Constructor Backend Purpose
scipy.eigsh scipy.sparse.linalg / ARPACK CPU generalized symmetric eigen solve
scipy.lobpcg scipy.sparse.linalg CPU LOBPCG eigen solve
cupy.eigsh cupyx.scipy.sparse.linalg + scipy.sparse.linalg CUDA-assisted generalized symmetric eigen solve
cupy.lobpcg cupyx.scipy.sparse.linalg CUDA LOBPCG eigen solve

Preconditioners

Preconditioner Backend Purpose
scipy.precond.jacobi scipy.sparse Diagonal/Jacobi preconditioner
scipy.precond.ilu scipy.sparse.linalg Incomplete LU preconditioner
scipy.precond.direct scipy.sparse.linalg Direct-solver preconditioner
cupy.precond.jacobi cupyx.scipy.sparse Diagonal/Jacobi preconditioner
cupy.precond.ilu cupyx.scipy.sparse.linalg Incomplete LU preconditioner
cupy.precond.direct cupyx.scipy.sparse.linalg Direct-solver preconditioner

API compatibility with scipy, cupy, and nvmath

If you already use scipy.sparse.linalg or cupyx.scipy.sparse.linalg, the solver constructors in openseespy_solvers.scipy and openseespy_solvers.cupy follow the same names and keyword arguments. The only routine change is that you do not pass A and b (or K and M) — OpenSees assembles those during analysis — and you register the solver with OpenSeesPy instead of calling the solve function yourself.

Direct solve

scipy.sparse.linalg:

import scipy.sparse.linalg as spla

x = spla.spsolve(A, b)

spsolve() in openseespy_solvers.scipy — same solver options, no matrix or RHS at construction:

import openseespy.opensees as ops
from openseespy_solvers.scipy import spsolve

solver = spsolve()  # e.g. permc_spec=... like splu
ops.system("PythonSparse", solver.to_openseespy())
ops.analyze(num_steps)

Iterative solve

scipy.sparse.linalg:

import scipy.sparse.linalg as spla

x, info = spla.cg(A, b, rtol=1e-8, M=M, maxiter=1000)

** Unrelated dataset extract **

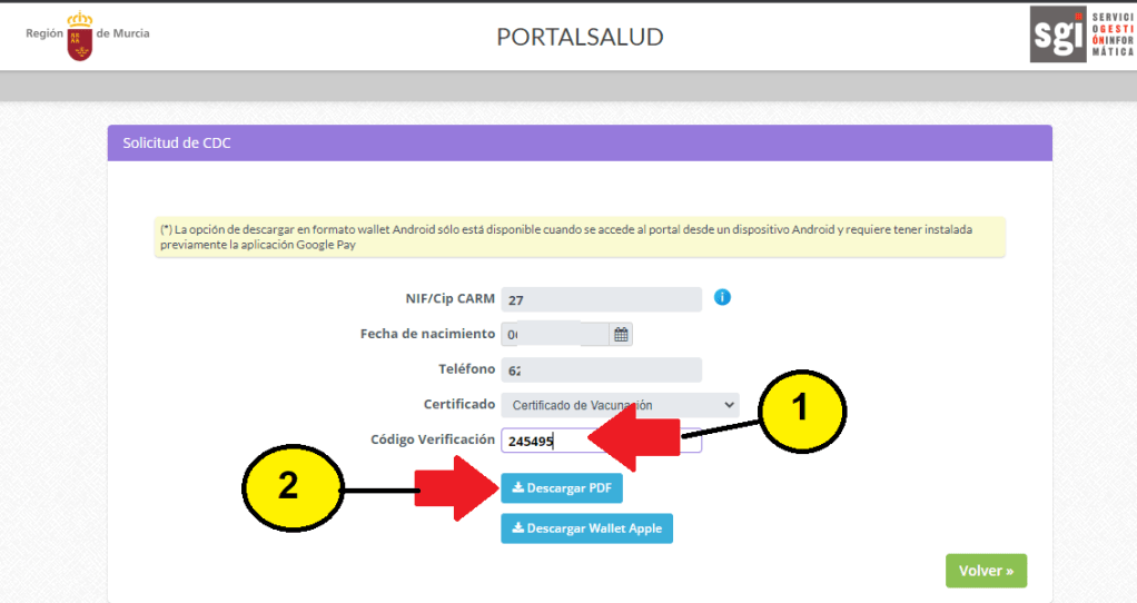 Al introducir el código de activación(1) se activa el botón de descarga del certificado (2) al pulsarlo se le descargará el certificado en formato PDF en su móvil.

cg() in openseespy_solvers.scipy — same rtol, atol, maxiter, M, and related keywords:

import openseespy.opensees as ops
from openseespy_solvers.scipy import cg, precond

solver = cg(rtol=1e-8, M=precond.jacobi, maxiter=1000)
ops.system("PythonSparse", solver.to_openseespy())
ops.analyze(num_steps)

openseespy_solvers.cupy mirrors the same pattern (spsolve(), cg(), …) for GPU backends.

nvmath direct solve

nvmath.sparse.advanced.DirectSolver takes the sparse matrix a, dense RHS b, and optional options, execution, and stream keyword arguments:

import nvmath

solver = nvmath.sparse.advanced.DirectSolver(a, b, execution=execution)
with solver:
    solver.plan()
    solver.factorize()
    x = solver.solve()

direct_solver() in openseespy_solvers.nvmath — pass the nvmath keywords you need at construction; OpenSees supplies a and b on each solve and runs the plan / factorize / solve workflow for you:

import openseespy.opensees as ops
from openseespy_solvers.nvmath import direct_solver

solver = direct_solver(execution=execution, plan_algorithm=plan_algorithm)
ops.system("PythonSparse", solver.to_openseespy())
ops.analyze(num_steps)

direct_solver() exposes execution=, multithreading_lib=, and plan_algorithm=; stream and other DirectSolverOptions fields are not. See nvmath for details.

See Solver objects and PythonSparse interface for lifecycle details.